The manual of style of the AMS advises:

Each mathematics equation reads as a clause or sentence and is punctuated accordingly. Authors, however, sometimes leave displayed math unpunctuated. Insert commas and periods as needed so that the equation(s), the preceding text, and the following text together read grammatically. Follow CMS, sections 12.18–12.20, for punctuating mathematical expressions and elided lists, operators, and relations.

This implies that you can choose.

I never punctuate displayed math. The capitalization, or lack of it, of the next line, the vertical spacing, and the indentation are punctuation enough. I would use a period after an inline equation, specially after a factorial, otherwise it is ambiguous if the sentence is an exclamation or an equation involving factorial.
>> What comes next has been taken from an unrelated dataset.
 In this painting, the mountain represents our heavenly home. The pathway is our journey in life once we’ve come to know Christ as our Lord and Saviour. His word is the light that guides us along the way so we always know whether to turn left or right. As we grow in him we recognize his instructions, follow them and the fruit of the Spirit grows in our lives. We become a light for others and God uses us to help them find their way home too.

If every sentence is required to end with a punctuation mark (which is reasonable), then IMO it's better to punctuate to avoid ambiguity.

With this convention, the sentence

The answer is 5!

is exclamatory.

Note that the above convention is especially important when posing a question involving a factorial expression:

Is the answer 5!?

The only potential headache is something like:

The answer is 5!!

But, with the above convention in mind, the meaning is clear: the writer is excited that the answer is 5!.
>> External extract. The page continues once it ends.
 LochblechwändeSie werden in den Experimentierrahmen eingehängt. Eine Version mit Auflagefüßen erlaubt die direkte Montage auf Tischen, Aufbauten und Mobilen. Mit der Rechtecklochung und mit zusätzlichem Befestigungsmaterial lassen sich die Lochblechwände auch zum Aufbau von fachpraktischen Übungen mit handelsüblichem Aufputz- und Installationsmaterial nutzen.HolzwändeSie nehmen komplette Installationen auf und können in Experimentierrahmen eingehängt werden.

The accepted answer is wrong in that "This implies that you can choose". That is only true if you have an editor that corrects your choice of not punctuating your displayed equations. This is what the AMS Style Guide means with its formulation. It states in Section 12.1 that "Many authors do not punctuate series of equations even if their text punctuation is acceptable. We edit to include this punctuation."

Mathematical expressions, including displayed equations, are treated as phrases or sentences and are punctuated accordingly. (See for example Section 12.7 of the AMS Style Guide.)